◆ ASSIGNED TASK:
Your output should reproduce each entry exactly, with none of its pictures.

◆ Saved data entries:
= Beginning of Section =

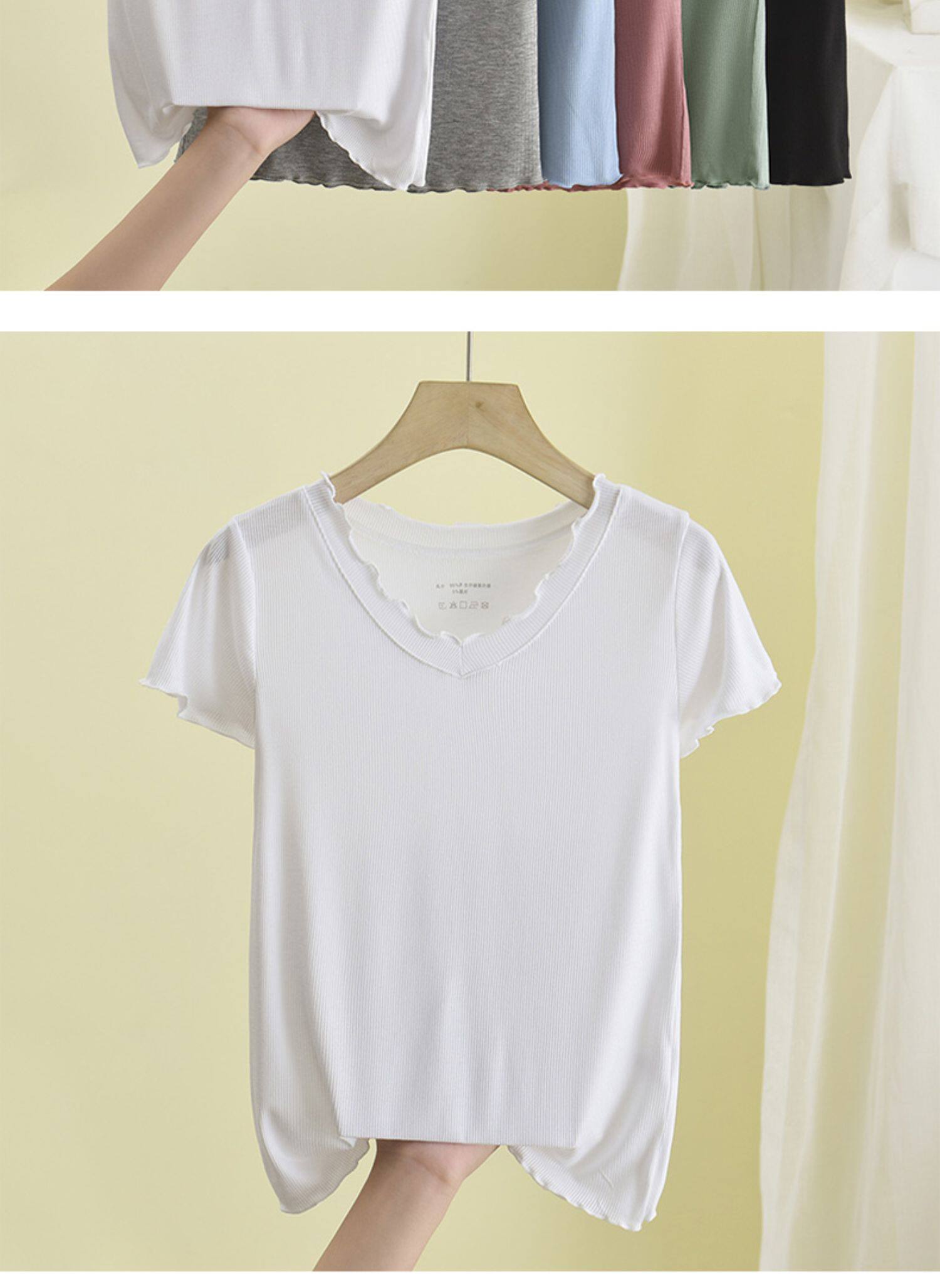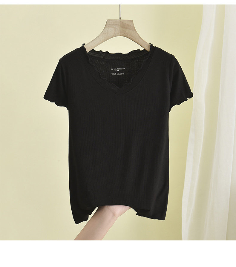 Летняя тонкая футболка, трикотажный базовый приятный телу свитер, V-образный вырез, короткий рукав, облегающий крой
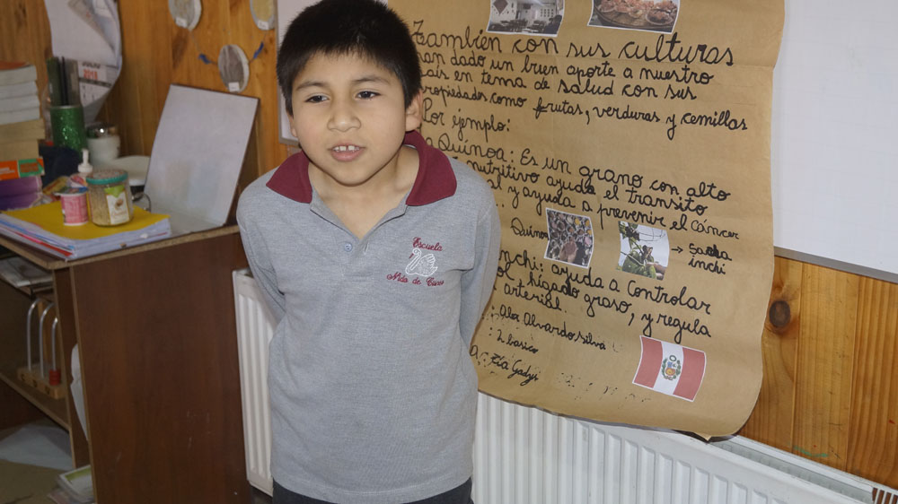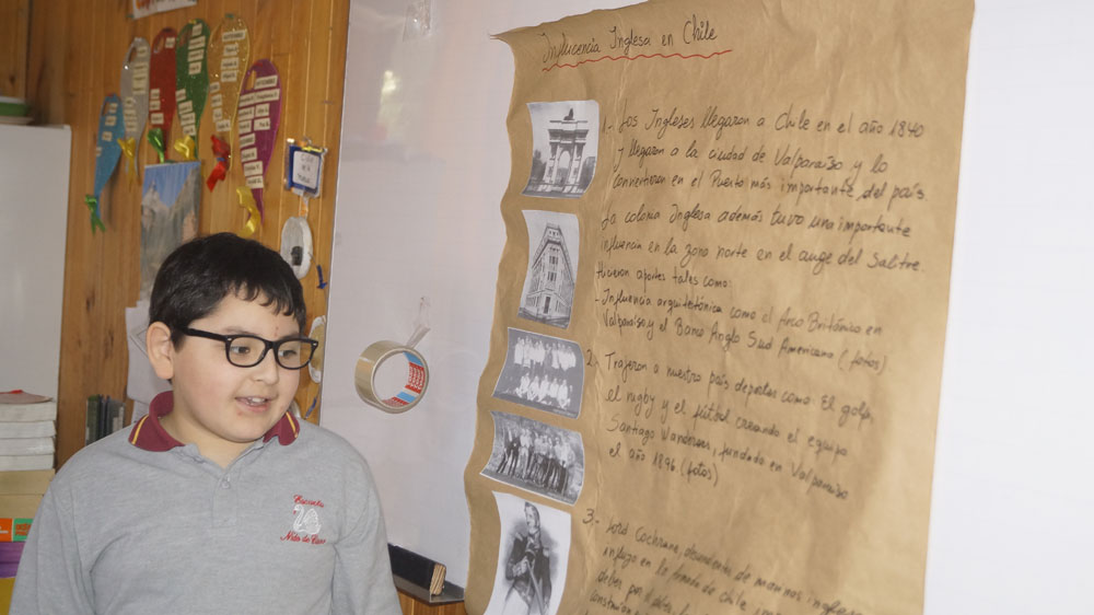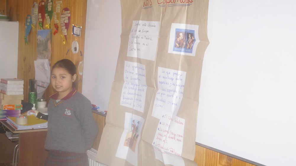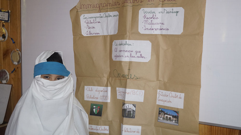 La profesora Gladys Norambuena del 2° básico de nuestra escuela realizó una actividad sobre los inmigrantes, en la asignatura de Historia. En ella, los niños debieron investigar los aportes y el legado de los diferentes inmigrantes en la sociedad chilena, tanto del pasado como en el presente, además de sus lugares de procedencia. Para complementar sus presentaciones, los alumnos se caracterizaron a través de vestimentas o implementos que son propios de sus culturas.
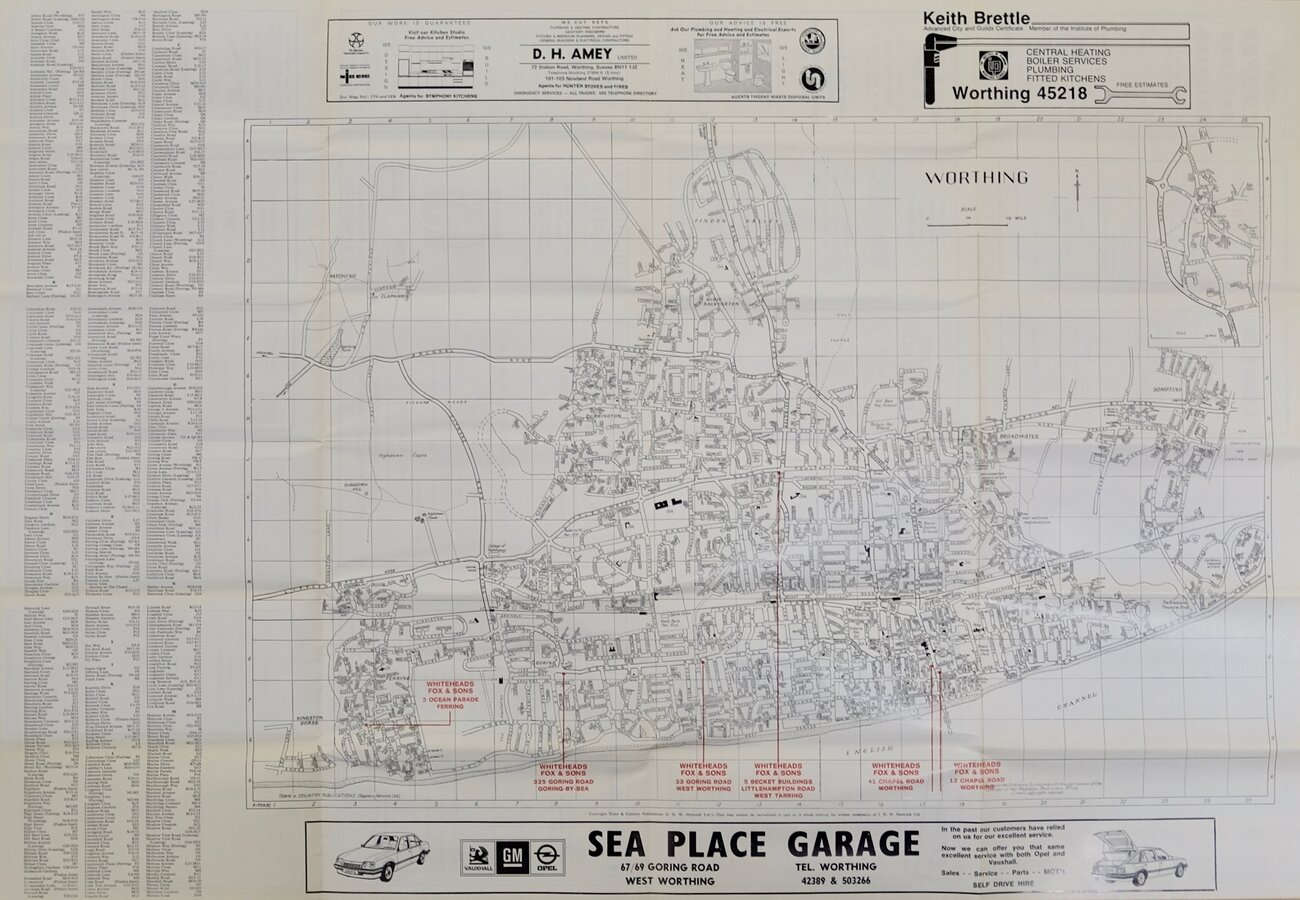 Folding town plan 62x42 printed on glossy paper with index to places left margin and verso and 23 advertisements for local businesses top, bottom and verso. Locations of Whiteheads Fox & Sons offices overprinted in red.
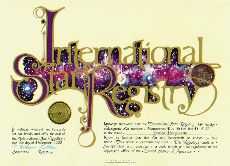 With the help of StarRegistry.com, a star in our galaxy has been named after Jessica! Please click on the banner below for information about naming a star after a loved one!
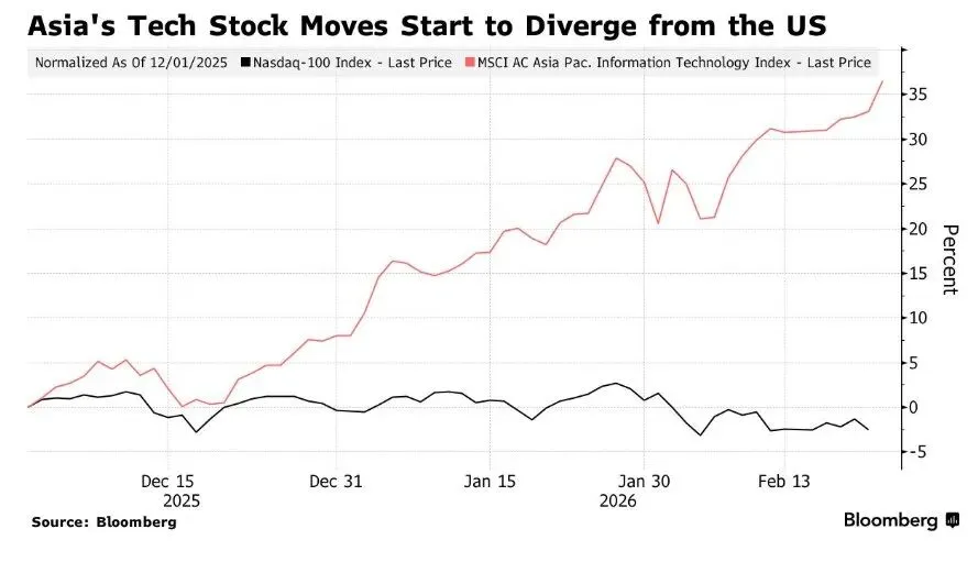 “亚洲的头部科技类股票,比如台积电、三星与SK海力士,都是全球科技巨头们AI支出不断攀升的最直接受益者,”来自Union Bancaire Privee驻新加坡的董事总经理Vey-Sern Ling表示。“AI恐慌交易真正意义上是从软件股大抛售开始的,而全球大多数知名软件公司都在美国股票市场上市。”
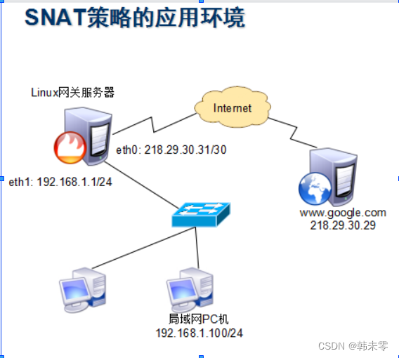 在iptables里添加一条snat的转发策略,让内网192.168.100.0的网络从ens33接口出去,出去的时候将源ip地址转换为192.168.0.165
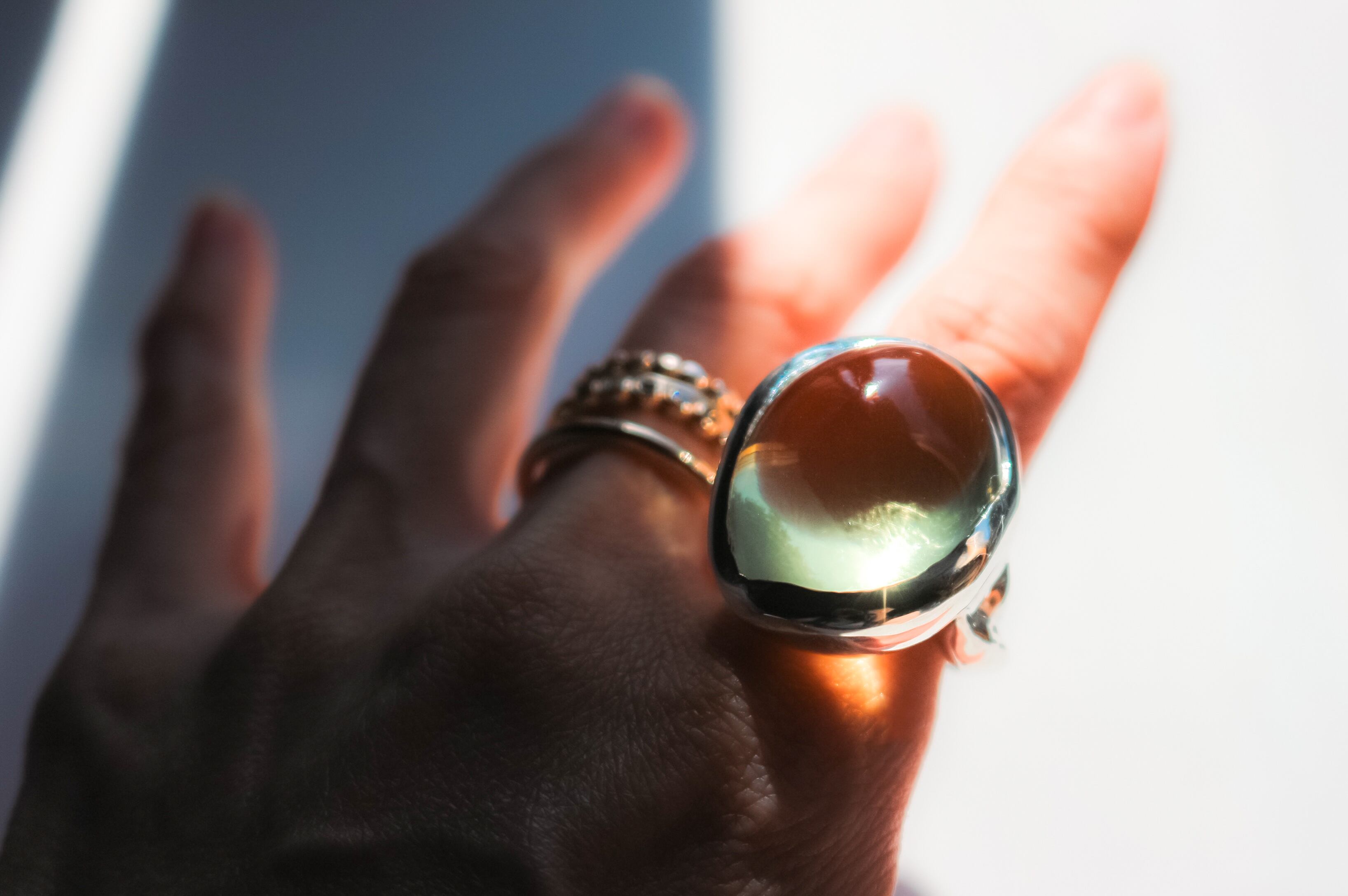 lemon quartz ring (レモンクォーツ) 大粒の透明度の高いレモンクォーツ。 レモンクォーツを包み込むように、 リングも2本をクロスさせた重厚感あるユニークなデザイン。 size 15号 material silver925 stone size w22mm×d28mm×h13mm
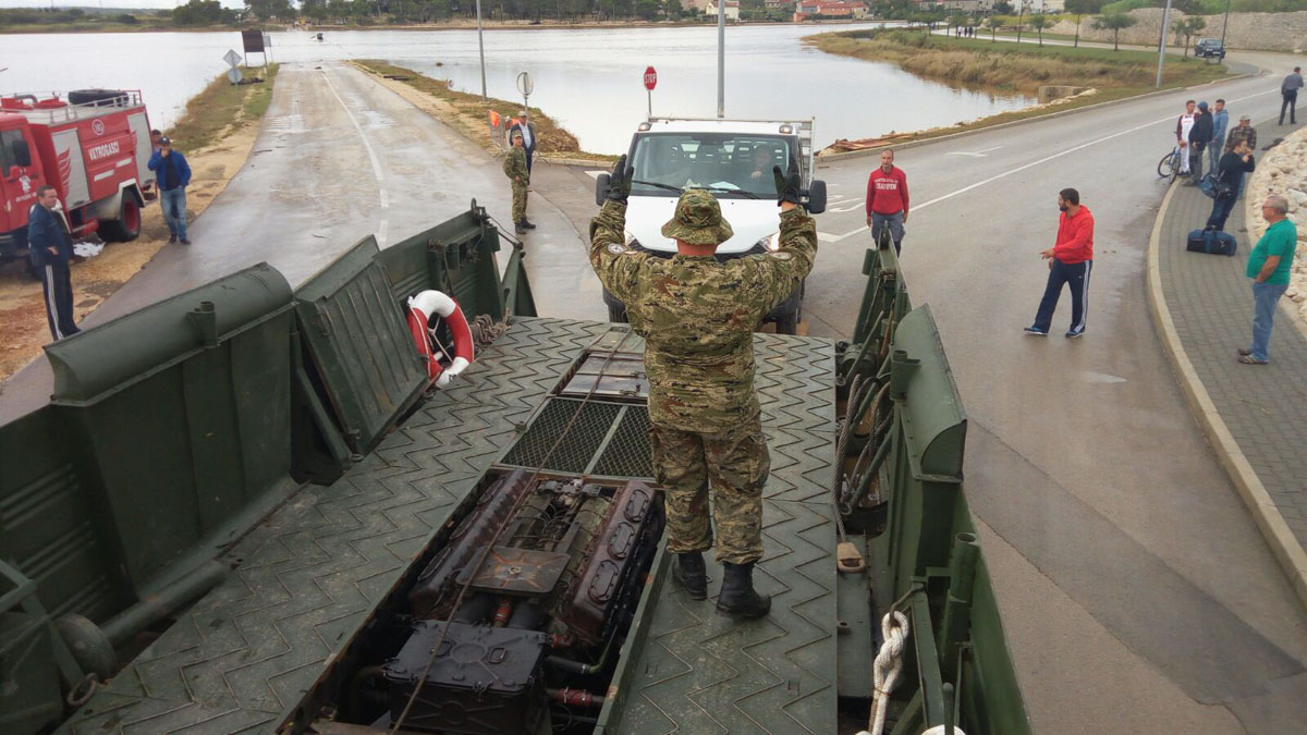 Zbog obilne kiše koja je izazvala poplave na području Zadra i Zadarske županije na terenu je angažirano ukupno 108 pripadnika HKoV-a OS RH s motornim vozilima i inženjerijskim strojevima sa 14 pokretnih motornih pumpi za ispumpavanje vode kapaciteta 700 litara u minuti, temeljem usmenog naloga potpredsjednika Vlade RH i ministra obrane Damira Krstičevića.
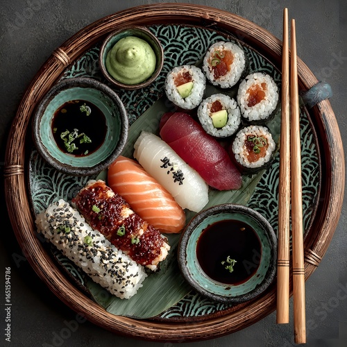 Elegant sushi platter with bamboo design high resolution picture
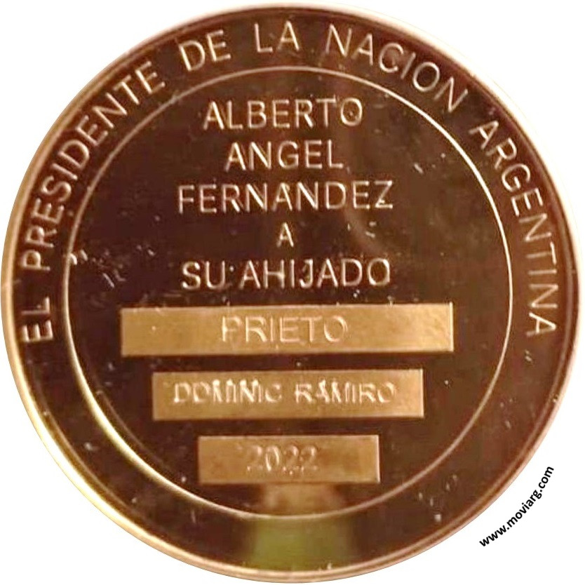 Anverso: PRESIDENCIA DE LA NACION ARGENTINA Reverso: EL PRESIDENTE DE LA NACION ARGENTINA / ALBERTO / ANGEL / FERNANDEZ / A / SU AHIJADO / [ PRIETO ] / [ DOMINIC RAMIRO ] / [ 2022 ] Referencia: | |
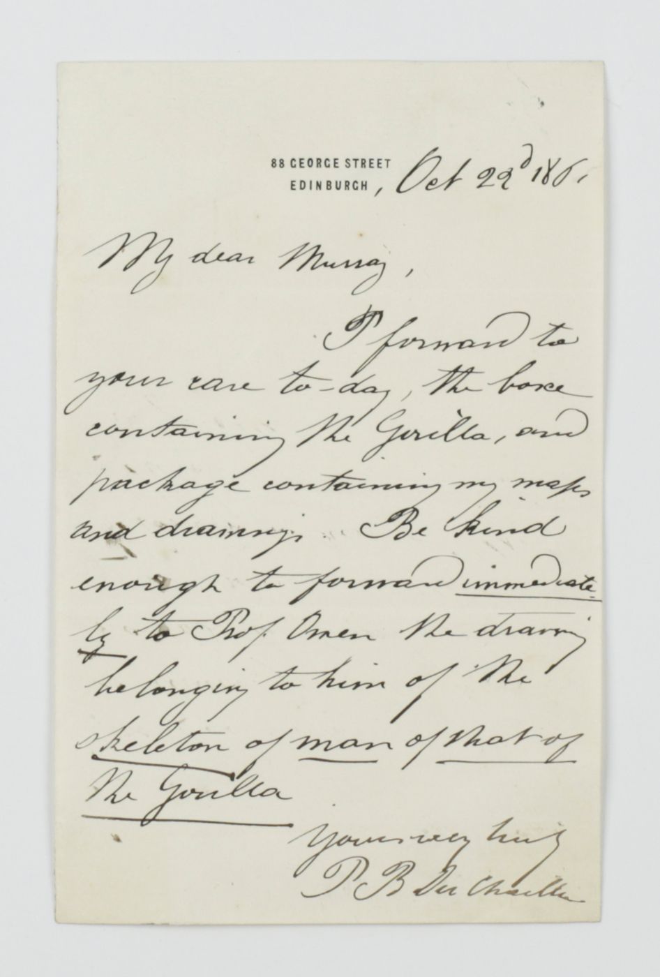 Presentation copy to Du Chaillu, including original letters

= End of Section =

◆ OUTPUT FOR THIS TASK:
 Летняя тонкая футболка, трикотажный базовый приятный телу свитер, V-образный вырез, короткий рукав, облегающий крой
 La profesora Gladys Norambuena del 2° básico de nuestra escuela realizó una actividad sobre los inmigrantes, en la asignatura de Historia. En ella, los niños debieron investigar los aportes y el legado de los diferentes inmigrantes en la sociedad chilena, tanto del pasado como en el presente, además de sus lugares de procedencia. Para complementar sus presentaciones, los alumnos se caracterizaron a través de vestimentas o implementos que son propios de sus culturas.
 Folding town plan 62x42 printed on glossy paper with index to places left margin and verso and 23 advertisements for local businesses top, bottom and verso. Locations of Whiteheads Fox & Sons offices overprinted in red.
 With the help of StarRegistry.com, a star in our galaxy has been named after Jessica! Please click on the banner below for information about naming a star after a loved one!
 “亚洲的头部科技类股票,比如台积电、三星与SK海力士,都是全球科技巨头们AI支出不断攀升的最直接受益者,”来自Union Bancaire Privee驻新加坡的董事总经理Vey-Sern Ling表示。“AI恐慌交易真正意义上是从软件股大抛售开始的,而全球大多数知名软件公司都在美国股票市场上市。”
 在iptables里添加一条snat的转发策略,让内网192.168.100.0的网络从ens33接口出去,出去的时候将源ip地址转换为192.168.0.165
 lemon quartz ring (レモンクォーツ) 大粒の透明度の高いレモンクォーツ。 レモンクォーツを包み込むように、 リングも2本をクロスさせた重厚感あるユニークなデザイン。 size 15号 material silver925 stone size w22mm×d28mm×h13mm
 Zbog obilne kiše koja je izazvala poplave na području Zadra i Zadarske županije na terenu je angažirano ukupno 108 pripadnika HKoV-a OS RH s motornim vozilima i inženjerijskim strojevima sa 14 pokretnih motornih pumpi za ispumpavanje vode kapaciteta 700 litara u minuti, temeljem usmenog naloga potpredsjednika Vlade RH i ministra obrane Damira Krstičevića.
 Elegant sushi platter with bamboo design high resolution picture
 Anverso: PRESIDENCIA DE LA NACION ARGENTINA Reverso: EL PRESIDENTE DE LA NACION ARGENTINA / ALBERTO / ANGEL / FERNANDEZ / A / SU AHIJADO / [ PRIETO ] / [ DOMINIC RAMIRO ] / [ 2022 ] Referencia: | |
 Presentation copy to Du Chaillu, including original letters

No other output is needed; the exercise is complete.